§ Exercise
Reproduce everything from the line that contains "6月25日中午1点,在二号教" down to the line that contains "Od razu można" in the listing below, word for word and nothing more. Leave the pictures out.

──────── Records for this task ────────

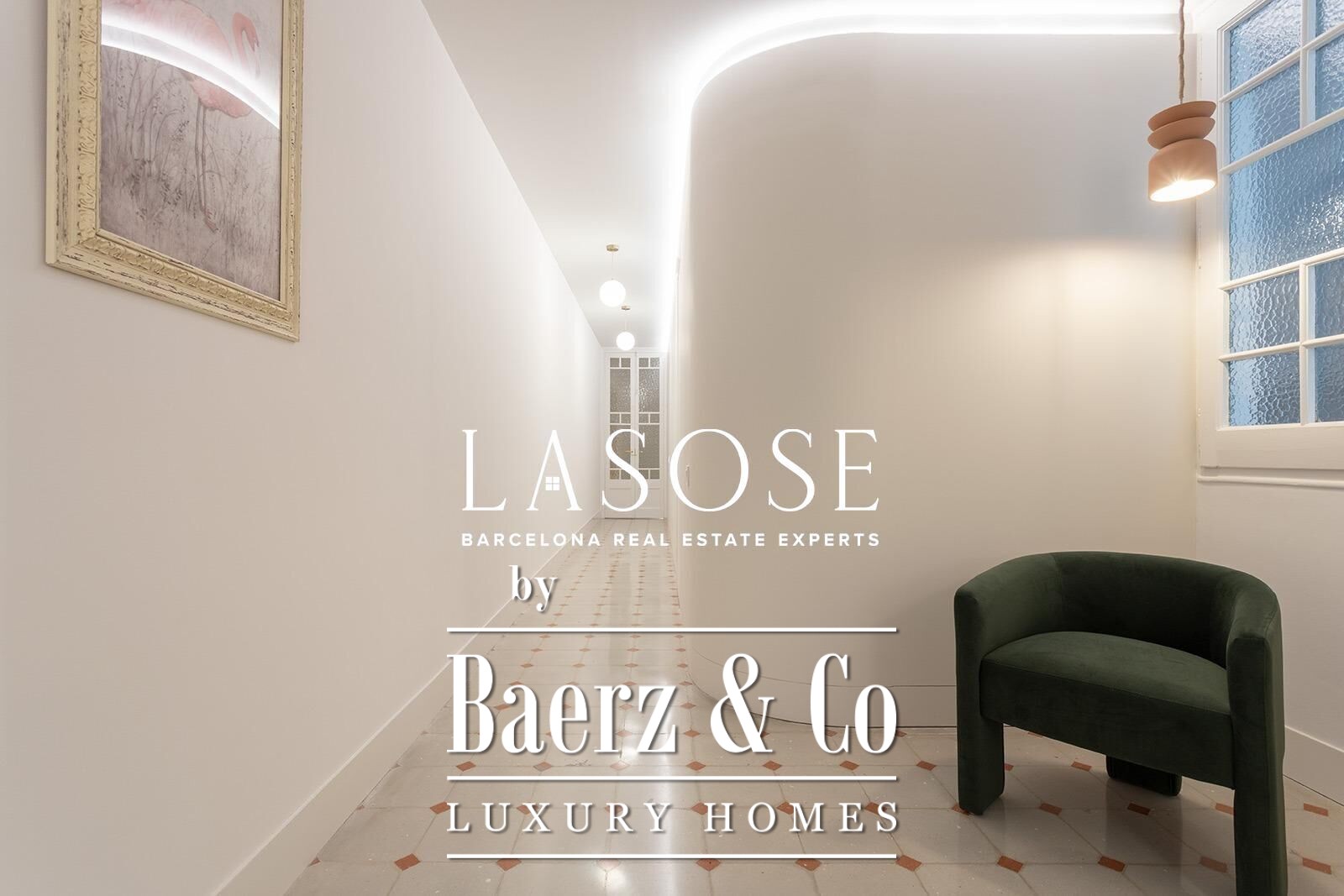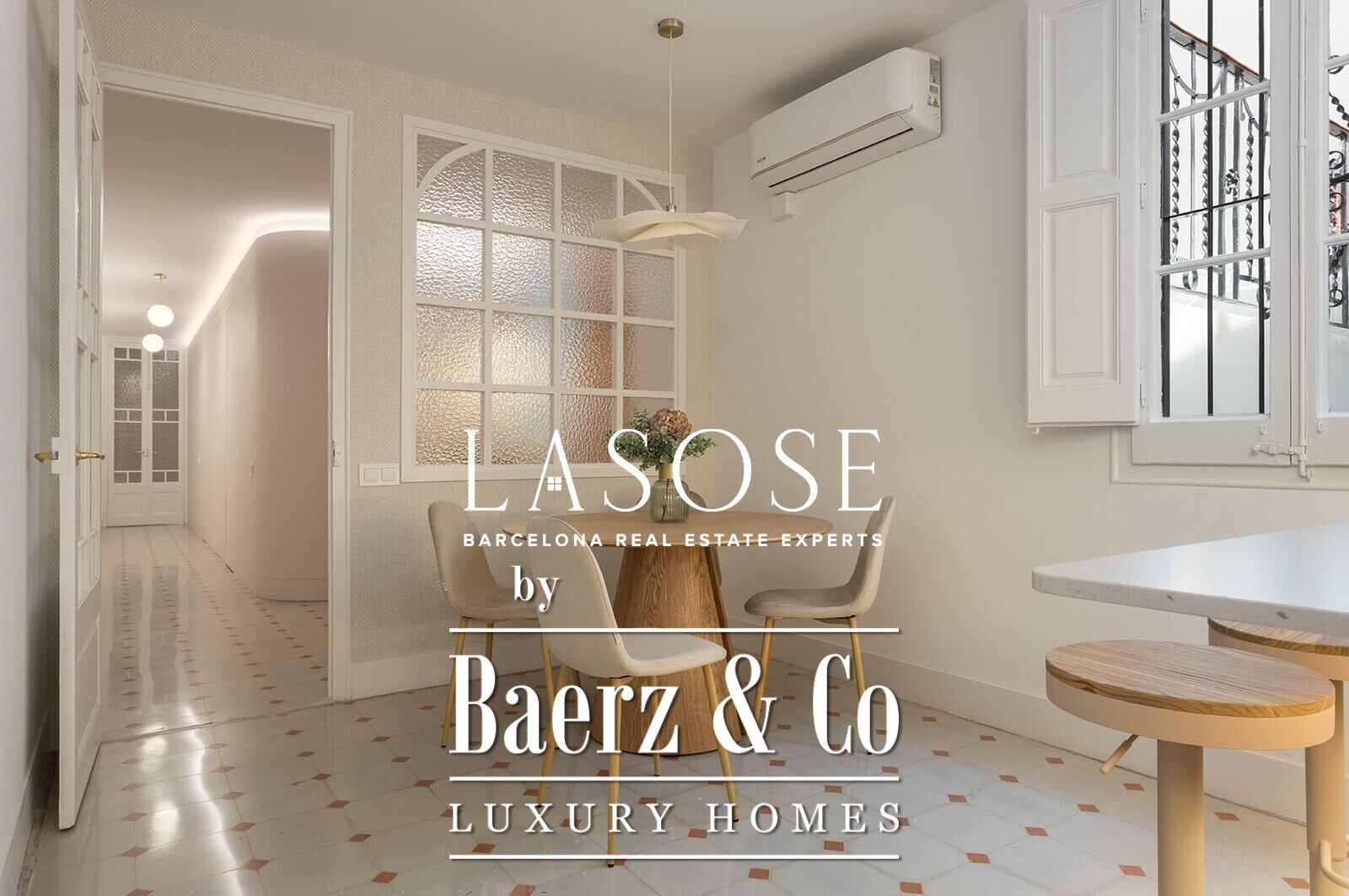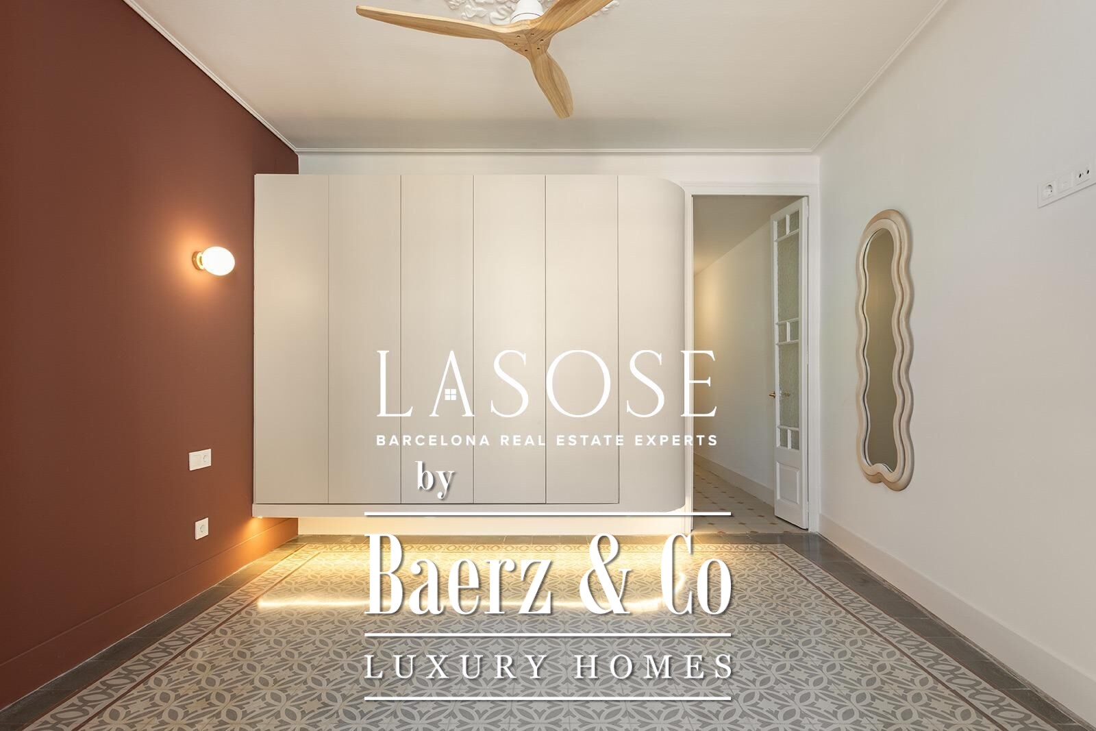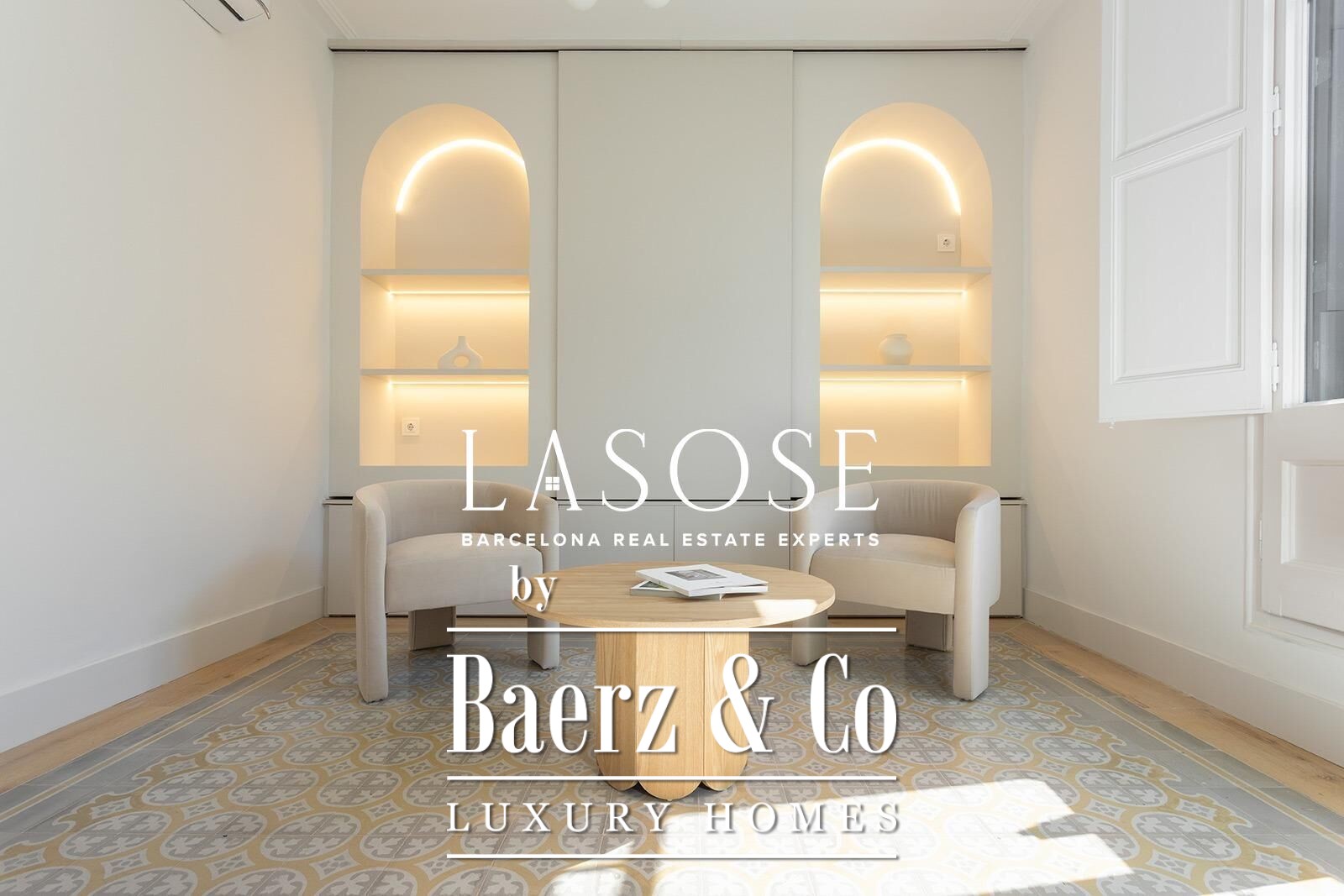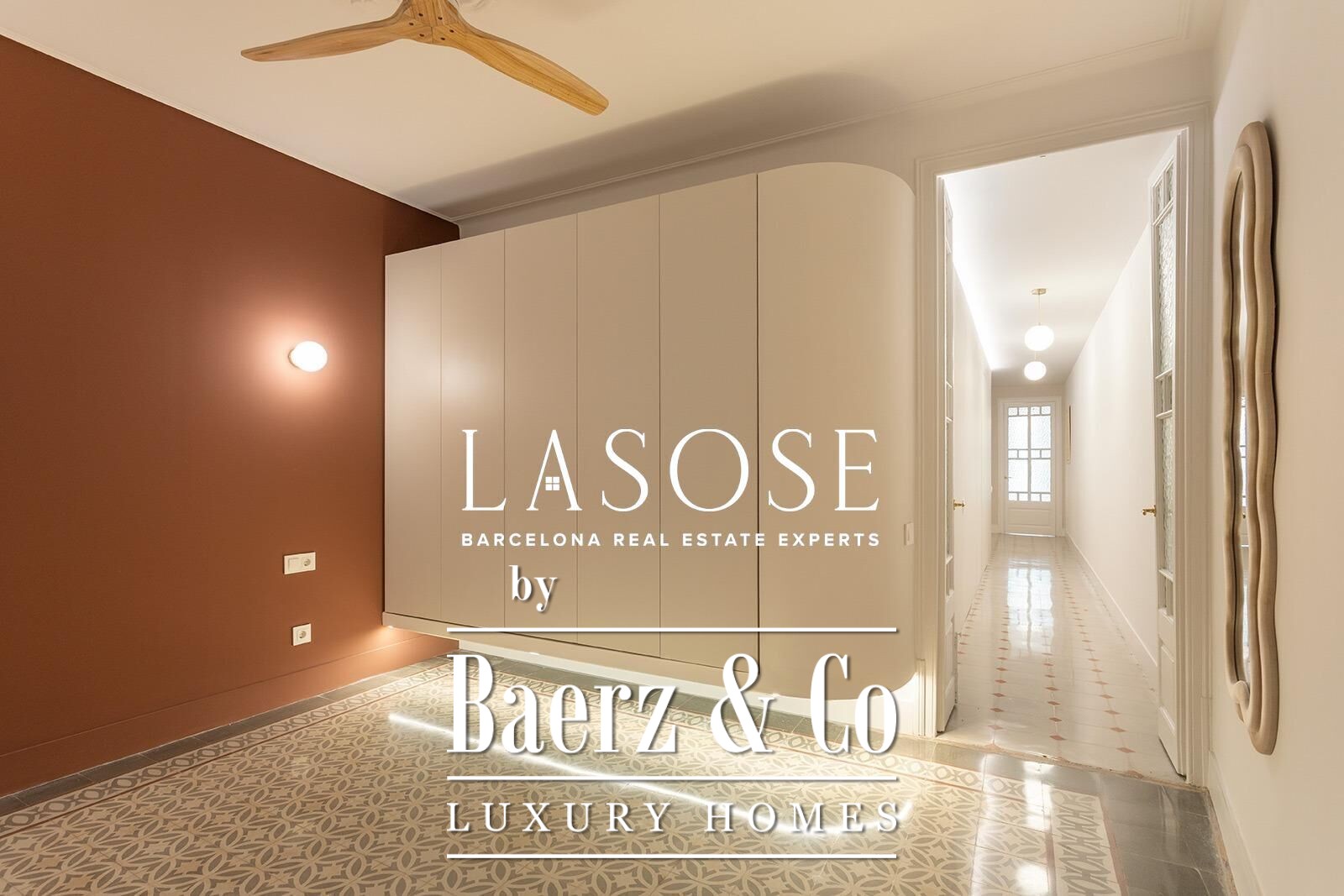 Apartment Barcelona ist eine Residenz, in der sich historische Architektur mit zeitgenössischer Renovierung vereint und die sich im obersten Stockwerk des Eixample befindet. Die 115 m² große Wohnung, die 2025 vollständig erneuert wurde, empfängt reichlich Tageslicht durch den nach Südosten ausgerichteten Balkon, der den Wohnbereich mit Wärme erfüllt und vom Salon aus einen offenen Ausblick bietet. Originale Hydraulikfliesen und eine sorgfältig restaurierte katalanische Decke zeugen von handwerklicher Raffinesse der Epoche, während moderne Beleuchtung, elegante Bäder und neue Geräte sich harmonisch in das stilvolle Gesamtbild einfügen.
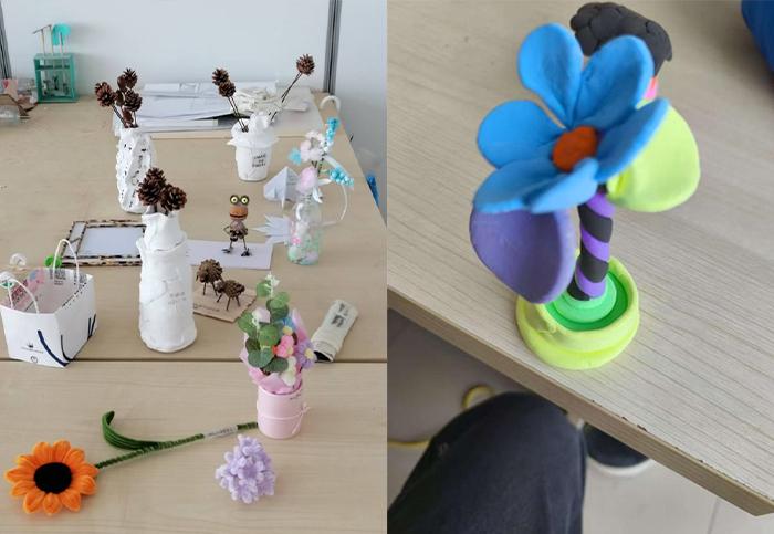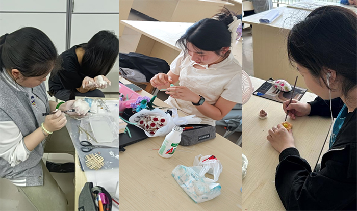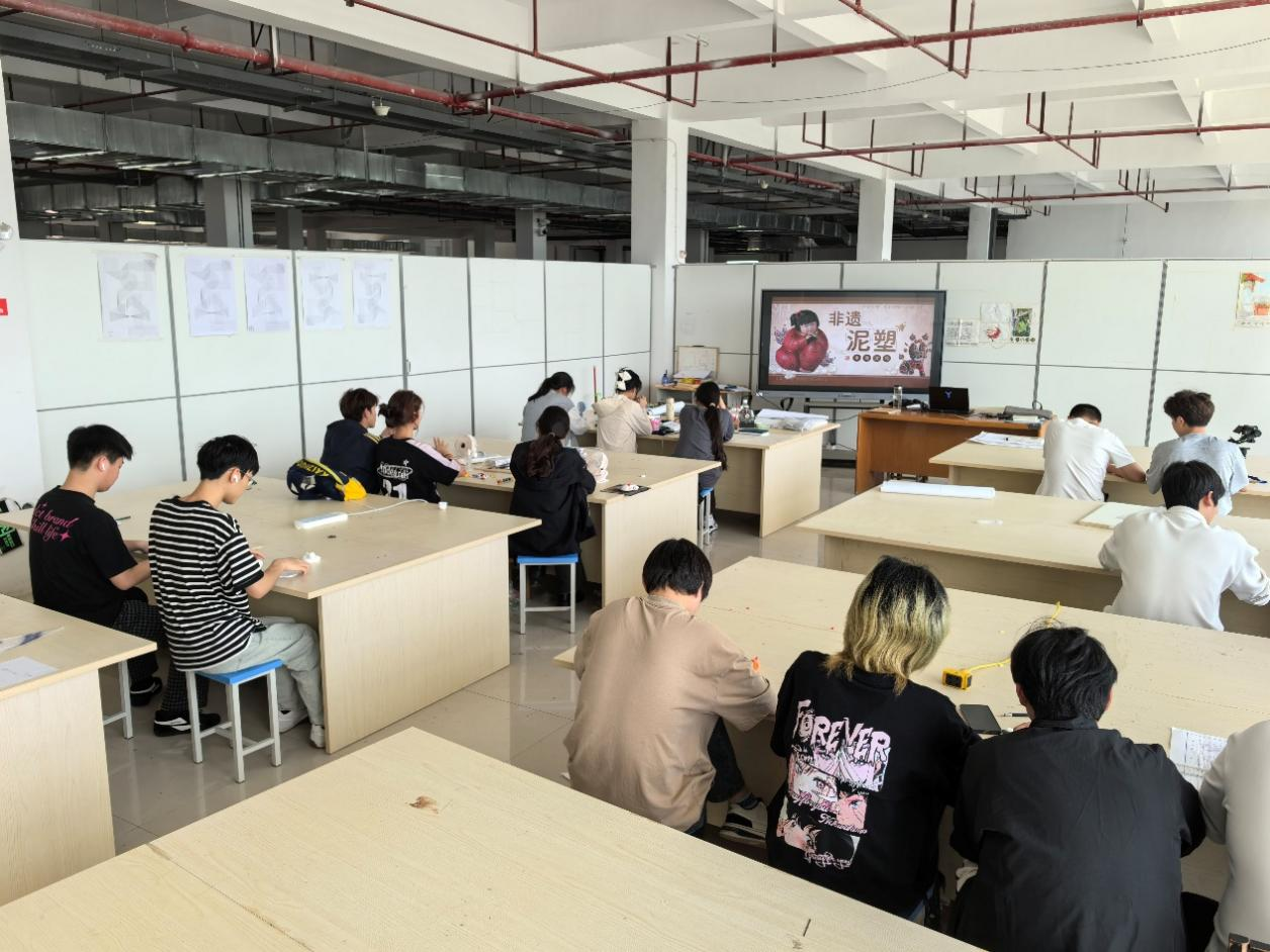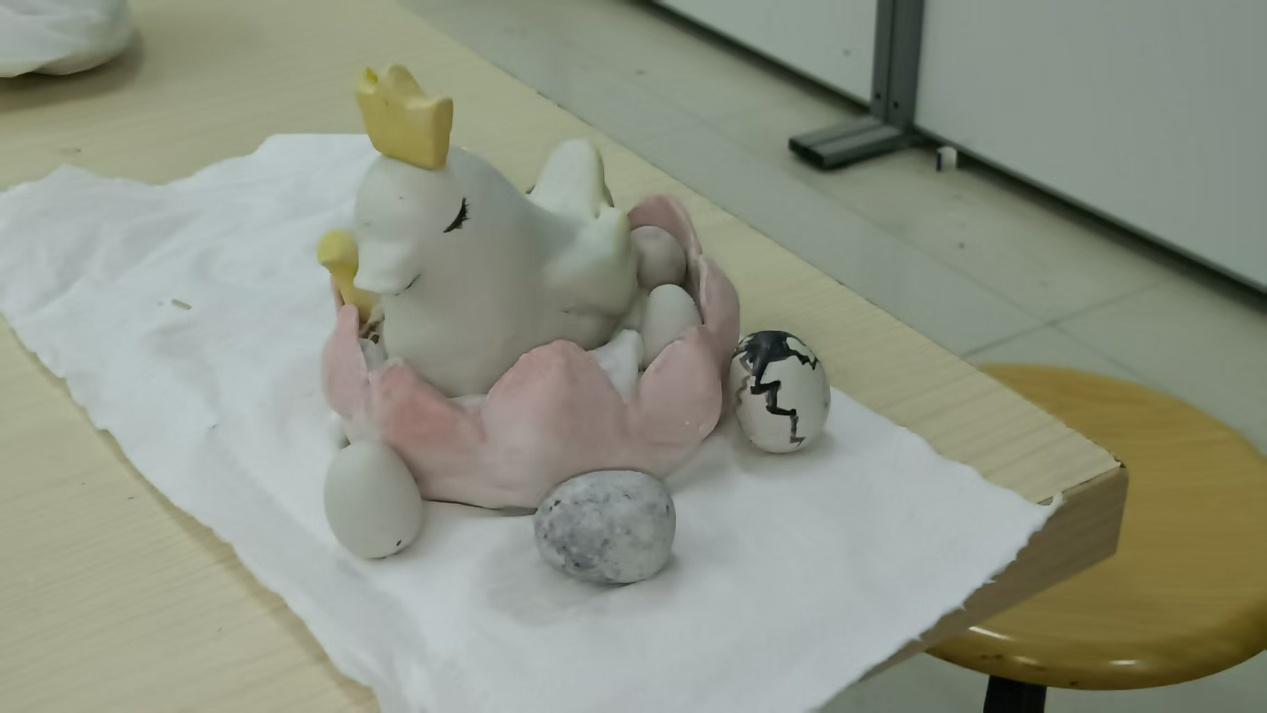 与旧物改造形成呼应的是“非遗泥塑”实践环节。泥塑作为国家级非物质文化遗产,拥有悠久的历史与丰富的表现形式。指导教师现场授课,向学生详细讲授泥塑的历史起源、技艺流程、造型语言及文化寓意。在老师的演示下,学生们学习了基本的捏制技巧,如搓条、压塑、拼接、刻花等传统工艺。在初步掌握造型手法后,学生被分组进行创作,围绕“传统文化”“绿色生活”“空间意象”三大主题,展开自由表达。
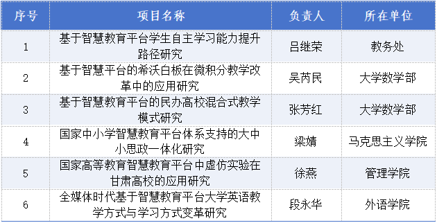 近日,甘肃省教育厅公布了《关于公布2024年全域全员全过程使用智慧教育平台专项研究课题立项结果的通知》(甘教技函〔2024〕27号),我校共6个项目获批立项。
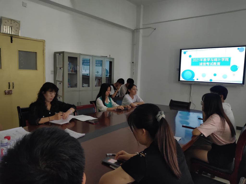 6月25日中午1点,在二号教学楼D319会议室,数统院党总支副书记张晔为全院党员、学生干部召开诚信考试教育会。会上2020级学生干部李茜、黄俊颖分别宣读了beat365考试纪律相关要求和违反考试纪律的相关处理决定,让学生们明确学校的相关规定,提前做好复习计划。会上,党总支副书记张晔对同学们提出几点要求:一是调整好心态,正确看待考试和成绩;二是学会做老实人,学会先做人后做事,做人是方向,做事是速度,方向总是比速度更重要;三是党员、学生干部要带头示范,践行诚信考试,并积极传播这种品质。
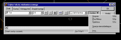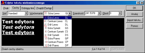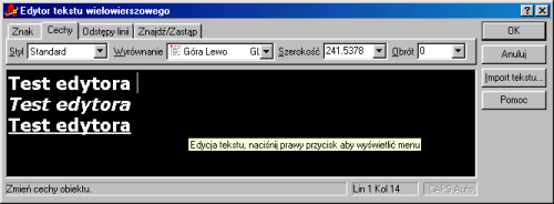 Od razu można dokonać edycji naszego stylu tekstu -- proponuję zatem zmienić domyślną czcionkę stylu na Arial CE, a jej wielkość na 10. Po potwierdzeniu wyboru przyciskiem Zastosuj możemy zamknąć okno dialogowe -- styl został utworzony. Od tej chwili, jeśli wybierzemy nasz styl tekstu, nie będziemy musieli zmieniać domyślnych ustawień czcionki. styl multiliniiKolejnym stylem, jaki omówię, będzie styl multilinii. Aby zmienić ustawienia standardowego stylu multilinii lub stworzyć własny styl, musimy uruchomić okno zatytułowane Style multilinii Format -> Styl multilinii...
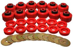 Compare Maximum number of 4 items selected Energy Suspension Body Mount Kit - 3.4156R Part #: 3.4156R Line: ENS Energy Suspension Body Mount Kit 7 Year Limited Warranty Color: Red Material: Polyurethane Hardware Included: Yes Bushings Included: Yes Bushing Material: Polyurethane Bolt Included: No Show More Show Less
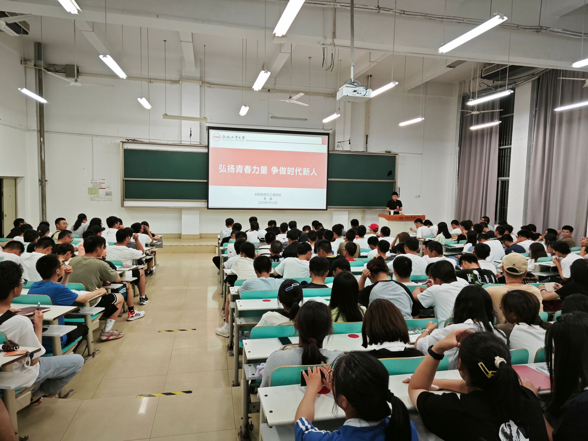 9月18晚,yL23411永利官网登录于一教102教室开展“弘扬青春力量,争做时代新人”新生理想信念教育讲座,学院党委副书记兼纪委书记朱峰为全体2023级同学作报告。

────────

§ Written response
 6月25日中午1点,在二号教学楼D319会议室,数统院党总支副书记张晔为全院党员、学生干部召开诚信考试教育会。会上2020级学生干部李茜、黄俊颖分别宣读了beat365考试纪律相关要求和违反考试纪律的相关处理决定,让学生们明确学校的相关规定,提前做好复习计划。会上,党总支副书记张晔对同学们提出几点要求:一是调整好心态,正确看待考试和成绩;二是学会做老实人,学会先做人后做事,做人是方向,做事是速度,方向总是比速度更重要;三是党员、学生干部要带头示范,践行诚信考试,并积极传播这种品质。
 Od razu można dokonać edycji naszego stylu tekstu -- proponuję zatem zmienić domyślną czcionkę stylu na Arial CE, a jej wielkość na 10. Po potwierdzeniu wyboru przyciskiem Zastosuj możemy zamknąć okno dialogowe -- styl został utworzony. Od tej chwili, jeśli wybierzemy nasz styl tekstu, nie będziemy musieli zmieniać domyślnych ustawień czcionki. styl multiliniiKolejnym stylem, jaki omówię, będzie styl multilinii. Aby zmienić ustawienia standardowego stylu multilinii lub stworzyć własny styl, musimy uruchomić okno zatytułowane Style multilinii Format -> Styl multilinii...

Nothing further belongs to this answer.